Систематизаторы мейнстримной «неоклассики» подчеркивали, что нет оснований отстаивать, как это делали идеологи социализма, тезис о совершенной природе человека[556]. Нет оснований, как это делали романтические историки, представлять народ «хорошим, честным, умным, угнетаемым высшими классами»[557]. Зато есть основания отделить изучение рационально-эгоистического экономического поведения от изучения иррациональных мотивов в других сферах жизни общества. Дальнейшее конструирование модели «экономического человека» в мейнстриме привело к концепции «человеческого капитала», в которой личность рассматривается как предприниматель, организующий собственную жизнь, подобно деловому предприятию с подсчетом максимума выгод и минимизации издержек, и к категории оппортунистического поведения, которым человек руководствуется в общественных взаимодействиях. Оно обрекает на утопичность «структуры с изначальной гуманитарной и нерыночной направленностью», требующие «глубокой преданности коллективным целям»[558].
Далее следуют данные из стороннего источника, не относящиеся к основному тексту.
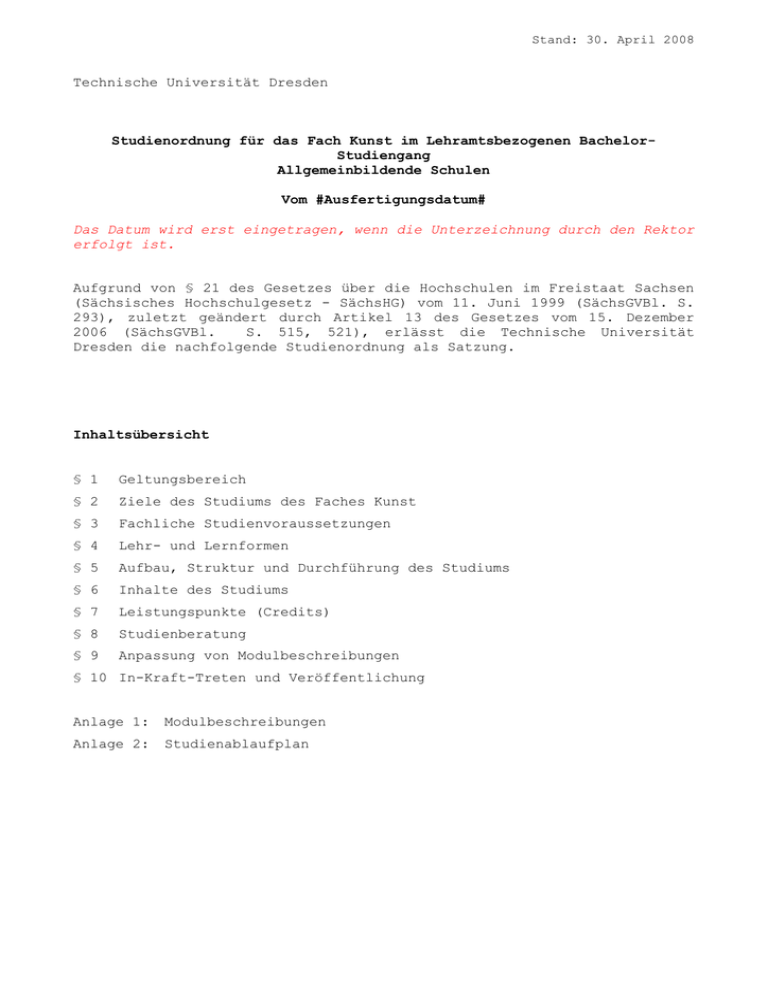 Stand: 30. April 2008 Technische Universität Dresden Studienordnung für das Fach Kunst im Lehramtsbezogenen BachelorStudiengang Allgemeinbildende Schulen Vom #Ausfertigungsdatum# Das Datum wird erst eingetragen, wenn die Unterzeichnung durch den Rektor erfolgt ist. Aufgrund von § 21 des Gesetzes über die Hochschulen im Freistaat Sachsen (Sächsisches Hochschulgesetz - SächsHG) vom 11. Juni 1999 (SächsGVBl. S. 293), zuletzt geändert durch Artikel 13 des Gesetzes vom 15. Dezember 2006 (SächsGVBl. S. 515, 521), erlässt die Technische Universität Dresden die nachfolgende Studienordnung als Satzung. Inhaltsübersicht § 1 Geltungsbereich § 2 Ziele des Studiums des Faches Kunst § 3 Fachliche Studienvoraussetzungen § 4 Lehr- und Lernformen § 5 Aufbau, Struktur und Durchführung des Studiums § 6 Inhalte des Studiums § 7 Leistungspunkte (Credits) § 8 Studienberatung § 9 Anpassung von Modulbeschreibungen § 10 In-Kraft-Treten und Veröffentlichung Anlage 1: Modulbeschreibungen Anlage 2: Studienablaufplan § 1 Geltungsbereich Diese Studienordnung regelt auf der Grundlage des Sächsischen Hochschulgesetzes und der Prüfungsordnung Ziel, Inhalt, Aufbau und Ablauf des Studiums des Faches Kunst im Lehramtsbezogenen Bachelor-Studiengang Allgemeinbildende Schulen an der Technischen Universität Dresden. Sie ergänzt die Studienordnung für den Lehramtsbezogenen Bachelor-Studiengang Lehramt Allgemeinbildende Schulen vom #Datum der Ausfertigung# in der jeweils geltenden Fassung. § 2 Ziele des Studiums des Faches Kunst Primäres und übergeordnetes Ziel des Studiums ist der Erwerb der Qualifikationen, die für die Fortsetzung der universitären Ausbildung in einem auf die Befähigung für ein Lehramt ausgerichteten konsekutiven Master-Studiengang zum Erwerb des Abschlusses Master of Education Voraussetzung sind. Die Studierenden sollen neben den fachlichen Zusammenhängen der Bildungswissenschaften die des Faches Kunst überblicken und über die Fähigkeit verfügen, künstlerische Techniken und Strategien sowie wissenschaftliche Methoden und Erkenntnisse anzuwenden. Das Studium stattet die Studierenden mit einer differenzierten Wissensgrundlage über die Phänomene des um die elektronischen Medien erweiterten Bild- und Kunstbegriffs aus. Die Studierenden entfalten eigene experimentelle Kunstpraxen. Sie sind mit Abschluss des Studiums zur begründeten Kommunikation über verschiedene Positionen historischer und gegenwärtiger Kunstund Medienpraxis sowie zur Konzeption kunstpädagogischer Vermittlungssituationen befähigt. Die Studierenden sollen über die für den Übergang in einen auf die Befähigung für ein Lehramt und den vorgeschriebenen Vorbereitungsdienst vorbereitenden Master-Studiengang notwendigen gründlichen fachlichen Kenntnisse, künstlerischen Fähigkeiten und berufsbefähigenden Schlüsselqualifikationen als Beschäftigungsbefähigung auch für eine Tätigkeit in anderen Berufsfeldern, vornehmlich einer solchen, die auf die Vermittlung und Aneignung von Wissen ausgerichtet sind, verfügen. § 3 Fachliche Studienvoraussetzungen Ergänzend zu den allgemeinen Zugangsvoraussetzungen ist Voraussetzung für die Aufnahme des Studiums des Faches Kunst im Lehramtsbezogenen BachelorStudiengang Allgemeinbildende Schulen der Nachweis von bildkünstlerischen und kunstreflektierenden Fähigkeiten. Der Nachweis erfolgt in einer Aufnahmeprüfung, deren Bestehen Bedingung für die Immatrikulation ist. Näheres regelt die Ordnung zur Feststellung der Eignung für das Studium des Faches Kunst. 2 § 4 Lehr- und Lernformen (1) Der Lehrstoff ist modular strukturiert. In den einzelnen Modulen werden die Lehrinhalte durch Vorlesungen, Seminare, Proseminare, Übungen, Tutorien, Praxis- und Projektseminare, Exkursionen und schulpraktische Übungen vermittelt, gefestigt und vertieft. (2) In Vorlesungen wird in die Stoffgebiete der Module eingeführt und der Forschungsstand in größeren Teilgebieten vorgeführt. Proseminare und Seminare ermöglichen den Studierenden auf unterschiedlichem Niveau, sich auf der Grundlage von vertiefter Auseinandersetzung mit Kunstwerken und Kunsttheorien, von Fachliteratur und anderen Materialien unter Anleitung selbst über einen ausgewählten Problembereich zu informieren, das Erarbeitete vorzutragen, in der Gruppe zu diskutieren und schriftlich darzustellen. Übungen ermöglichen die Aneignung künstlerischer, kunstrezeptiver und medialer Fähigkeiten, Techniken und Kenntnisse. In Tutorien werden vielfältige kunstrezeptive und kunstpraktische Methoden und Arbeitstechniken, Formen wissenschaftlichen Arbeitens und kunstpädagogisch-komplexen Denkens eingeübt. Praxisund Projektseminare ermöglichen den Studierenden in medienübergreifender Werkstattarbeit, in der sie eigene künstlerischkonzeptionelle Themenstellungen in Zusammenarbeit mit universitären und auswärtigen Institutionen umsetzen, den Erwerb und die unmittelbare Anwendung künstlerischer und kunstwissenschaftlicher Schlüsselkompetenzen und Fertigkeiten im Bereich der Präsentation und Vorstellung von eigenen künstlerischen Arbeiten. Exkursionen sichern die Begegnung mit kunstgeschichtlichen und zeitgenössischen Kunstwerken und Architektur im Original außerhalb der Universität. Schulpraktische Übungen sind durch Vor- und Nachbereitung universitär angeleitete unterrichtspraktische Tätigkeiten in semesterbegleitender Form. Sie finden in Kleingruppen statt. § 5 Aufbau, Struktur und Durchführung des Studiums (1) Das Studium des Faches Kunst ist modular aufgebaut. Das Lehrangebot ist auf sechs Semester verteilt. (2) Das Studium des Faches Kunst umfasst neun Pflichtmodule. (3) Wesentlicher Bestandteil des Studiums des Faches Kunst sind die Schulpraktischen Studien in Form der Schulpraktischen Übungen, die dem Modul KU-DID-AM9 zugeordnet sind. (4) Inhalte und Qualifikationsziele, umfasste Lehr- und Lernformen, Voraussetzungen, Verwendbarkeit, Häufigkeit, Arbeitsaufwand sowie Dauer der einzelnen Mod

Апология «предпринимателя» заняла центральное место в неоавстрийской школе, оставшейся в экономической мысли ХХ века особняком: в пределах парадигмы предельной полезности, но на обочине неоклассики. За пределы вышел Й. А. Шумпетер – автор наиболее влиятельной концепции «предпринимателя» как «новатора», осуществляющего «новые комбинации благ»[559]. Эта трактовка не удовлетворила главных столпов неоавстрийской школы и непримиримых критиков социализма, коллективизма и государственного «интервенционизма» фон Мизеса и фон Хайека, которые предпочли термины «промоутер» (англ. promoter – «продвигатель», «тот, кто способствует чему-либо») и «арбитражер» (франц. аrbitrageur – «спекулянт»). Хайек, описывая рынок как якобы совершенное информационное устройство для распределения экономических ресурсов, приравнял конкурентное использование «быстротекущих обстоятельств, неизвестных другим людям», к процедуре научного открытия[560].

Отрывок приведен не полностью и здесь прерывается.